Maine is the forum state; therefore the Maine rules on conflict of laws apply with regards to which substantive law is applied. State Farm Mut. Auto. Ins. Co. v. Koshy, 2010 ME 44, ¶ 21, 995 A.2d 651. Maine caselaw dictates that the law of the state with the " most significant contacts and relationships" applies. Flaherty v. Allstate Ins. Co., 2003 ME 72, ¶ 16, 822 A.2d 1159. Maine has adopted section 146 of the Restatement of Conflict of Laws, which holds that in personal injury actions, in the absence of a more significant relationship with another state as determined by the factors found in § 6, the court should apply the substantive law of the state in which the injury occurred. Restatement (Second) Conflict of Laws § 146. The court looks to those factors in conjunction with the factors set out in case law, as follows:
(a) the place where the injury occurred,
(b) the place where the conduct causing the injury occurred,
(c) the domicile, residence, nationality, place of the parties, and
(d) the place where the relationship, if any, between the parties is centered.

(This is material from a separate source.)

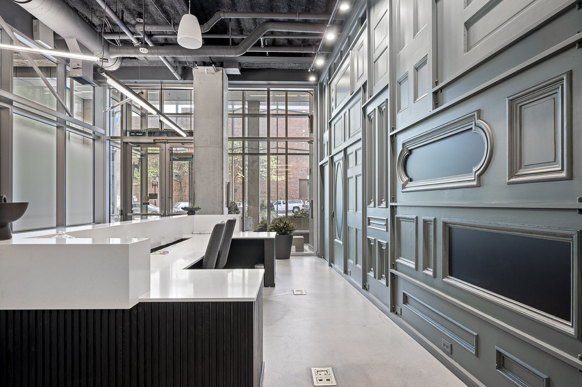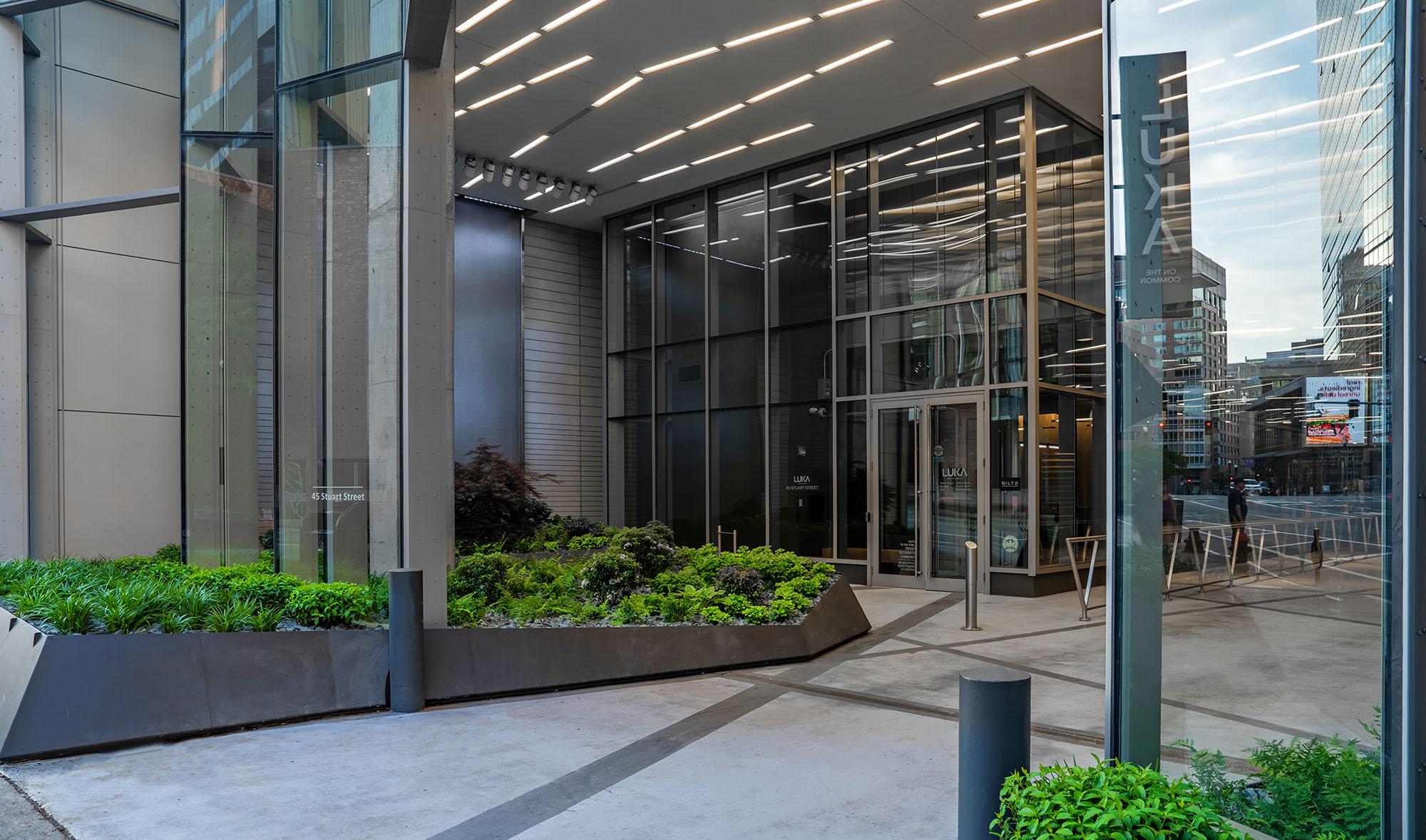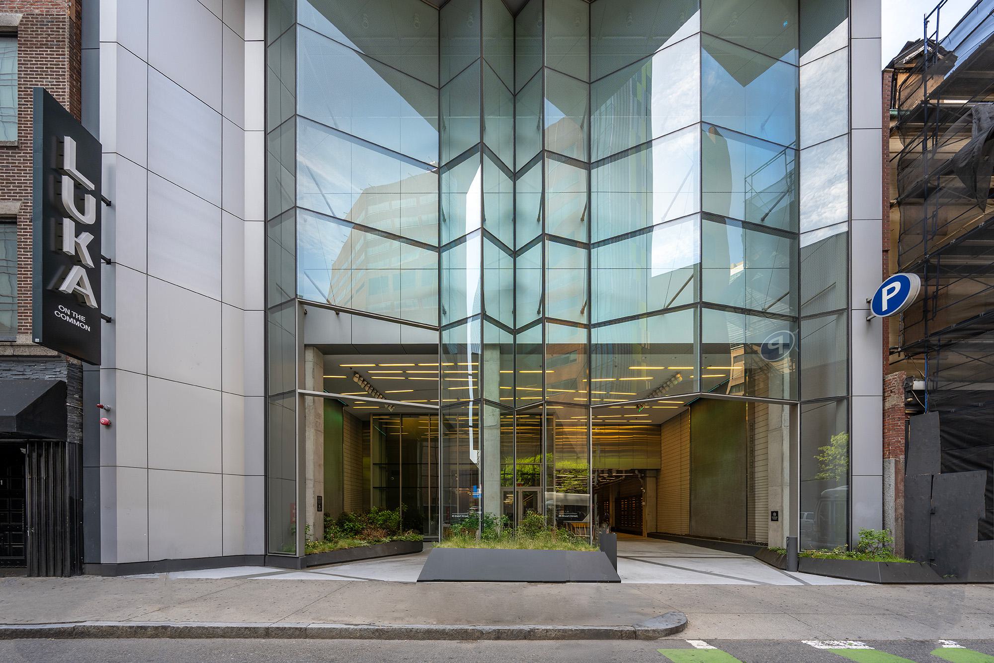 Luka's striking glass-paneled building entrance near Boston Common
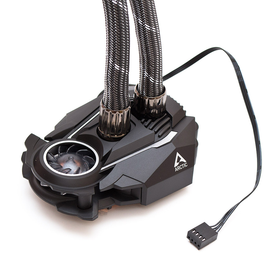 Пластиковый водоблок имеет интересную многогранную форму. Шланги заходят в него сверху и закреплены неподвижно. В передней его части встроен вентилятор для обдува цепей питания. Питается два вентилятора, помпа и дополнительный пропеллер через один общий четырехконтактный кабель длиной в 260 мм, который подключается в разъем CPU Fan материнской платы. На разъем мониторинга выводится только скорость двух «главных» пропеллеров.

Flaherty v. Allstate Ins. Co., 2003 ME 72, ¶ 16, 822 A.2d 1159.
In reviewing a motion to dismiss, the court views the facts as stated in the complaint in the light most favorable to the Plaintiff. Plaintiff contends that some of the incidents of domestic abuse occurred in Maine. If some of the injuries occurred in Maine, according to caselaw and the Restatement, the substantive law of Maine is rightfully applied. Furthermore, Maine has an interest in providing Plaintiff, a Maine resident, certainty, predictability and uniformity in result. For purposes of the Motion to Dismiss, the court finds that Maine law applies and denies Defendant's Motion.
Alternatively, Defendant argues the Maine Civil Rights Act does not provide a private right of action in domestic violence cases. The MCRA creates a private right of action:
Whenever any person, whether or not acting under color of law, intentionally interferes or attempts to intentionally interfere by physical force or violence against a person, ... with the exercise or enjoyment by any other person of rights secured by the United States Constitution or the laws of the United States or of rights secured by the Constitution of Maine ...
5 M.R.S. § 4682 (2013). In Murray v. Murray, the Superior Court held that " the MCRA should protect the right of one to be free from violence in one's own home." Murray v. Murray, YORSC-CV- 05-161 (Me. Super. Ct., Yor. Cty., Dec. 13, 2006). In Murray, the Superior Court cites to State v. DeCoster, in which workers at an egg farm brought a MCRA action because the farmer had prevented service professionals, relatives, and friends from visiting them in the company-owned mobile homes in which they resided. State v. DeCoster, 653 A.2d 891, 892 (Me. 1995). The Law Court held that the MCRA applied to an individual's right to quiet enjoyment of his home and to his right to receive visitors within his home. Id. at 895. As the Superior Court reasoned in Murray, the Law Court's stance interpreting the MCRA to provide a private cause of action for intentionally violent or threatening interference with a tenant's right to quiet enjoyment suggests the Law Court would similarly interpret the MCRA to provide a private cause of action in cases of domestic violence. Murray v. Murray, YORSC-CV- 05-161 (Me. Super. Ct., Yor. Cty., Dec. 13, 2006). Viewing the facts as stated in the complaint in the light most favorable to Plaintiff, the court denies Defendant's Motion to Dismiss for failure to state a claim pursuant to the MCRA.
The court DENIES Defendant's Motion to Dismiss.